Конечно, было невозможно запретить злоупотребление Тетраграмматоном, особенно в колдовстве.

Во II веке до н. э. один еврейский писатель воображал, будто Моисей одолел фараона произнесением Имени, и еще в IV веке н. э. еврейские колдуньи клялись Тетраграммотоном. Повсюду в мире она также использовалась магами и писалась на амулетах. Однако, как следует из транскрипции, колдуны произносили данное имя неточно (как "Иу", например) и потому лишали его действенности. Потомки Аарона сумели сохранить в тайне произношение Тетраграмматон, так что Имя остается невыразимым и святым до сегодняшнего дня.

И если мы не в состоянии описать Божество, кроме как антропоморфически, так же мы не можем говорить о Его власти, кроме как в терминах земной власти: небесный Владыка также должен иметь Свой двор. В иудаизме, однако, называются ли они "Члены Божественного Порядка" (benei Elohim) или "Святые Существа" (kedoshim) или seraphim, эти служители не имеют отдельного существования как малые божества. Они всего лишь посланники Бога (malakhim; по-гречески, angeloi "ангелы"), орудия Божьей воли.

Когда Иерусалим стал частью великой персидской и эллинистической империй, тогда, естественно, надо было подумать, что Господу Царей нужен еще более сложный административный аппарат, чем у Дария или Птолемея. И таковой действительно имелся, как Небесное Воинство, Божья "сила", откуда небесные воины посылались для вмешательства в дела людей; небесный всадник в истории Гелиодора имел внешность офицера македонской кавалерии.

У Бога была Своя стража, "Хранители", сопутствовавшие Божеству при Богоявлении. Семь святых архангелов, приближенные ангелы, которые входили и выходили, предшествуя (то есть шествуя перед) славе Божьей, они были похожи на тех семерых персидских вельмож, которые одни имели право беспрепятственного входа к шаху. Четверо из этих высших ангелов стали Михаилом, Гавриилом, Рафаилом и Уриэлем. Р. Шимон бен Елеазар (около 200 г. н. э.) заметил, что имена этих индивидуализированных ангелов были принесены евреями из Вавилонского пленения.

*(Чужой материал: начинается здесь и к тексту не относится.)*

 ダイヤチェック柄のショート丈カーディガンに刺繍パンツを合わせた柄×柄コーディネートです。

Ангелы считались такими духами, которые способны принимать, когда нужно, вид людей. Некоторые размышляли об их природе и интересовались, были ли они созданы, обрезаны и соблюдали ли они субботу. Евреи из рода в род знали, что Небесное Воинство служит Богу и славит Создателя; считали даже, что движение небесных светил или ветра направляется ангелами. Но простые люди, занятые собой и своими собратьями, почитали небесных посланцев посредниками между ними и Богом. Ангелы доносили молитвы Богу, предстательствовали от имени благочестивых и сходили на землю им помочь. Бог услышал голос невинной Сусанны и послал ангела ей в помощь. Левий просит ангела открыть ему свое имя, чтобы он мог призывать его в нужде (Завещание Левия 5:5). Впрочем, у нас нет свидетельств поклонения ангелам в эллинистический период.

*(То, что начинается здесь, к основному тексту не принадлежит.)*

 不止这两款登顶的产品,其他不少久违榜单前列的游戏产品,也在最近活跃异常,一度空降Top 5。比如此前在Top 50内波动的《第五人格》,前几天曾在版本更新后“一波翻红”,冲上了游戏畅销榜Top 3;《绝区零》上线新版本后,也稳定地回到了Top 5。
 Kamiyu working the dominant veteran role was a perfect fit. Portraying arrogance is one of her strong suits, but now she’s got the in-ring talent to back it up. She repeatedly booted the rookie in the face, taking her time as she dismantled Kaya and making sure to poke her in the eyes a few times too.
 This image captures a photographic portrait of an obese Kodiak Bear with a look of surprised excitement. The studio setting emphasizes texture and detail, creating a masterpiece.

Мириады ангелов, составлявших Небесное Воинство, не делали Бога недоступным (трансцендентным); разработанное учение об ангелах (ангелология, так сказать) было призвано приблизить Бога к людям в нужде. Один персонаж Менандра говорит: "В мире тысяча городов, и в каждом 30000 жителей. Как можно ждать от Бога, чтобы он нашел время для каждого?" За-терянные на бескрайних просторах эллинистических империй простые люди, однако, свято верили, что Небеса позаботятся о них, и философы эллинизма в своих учениях рассказывали о бесчисленных существах-посредниках между их Высшим Существом и человечеством.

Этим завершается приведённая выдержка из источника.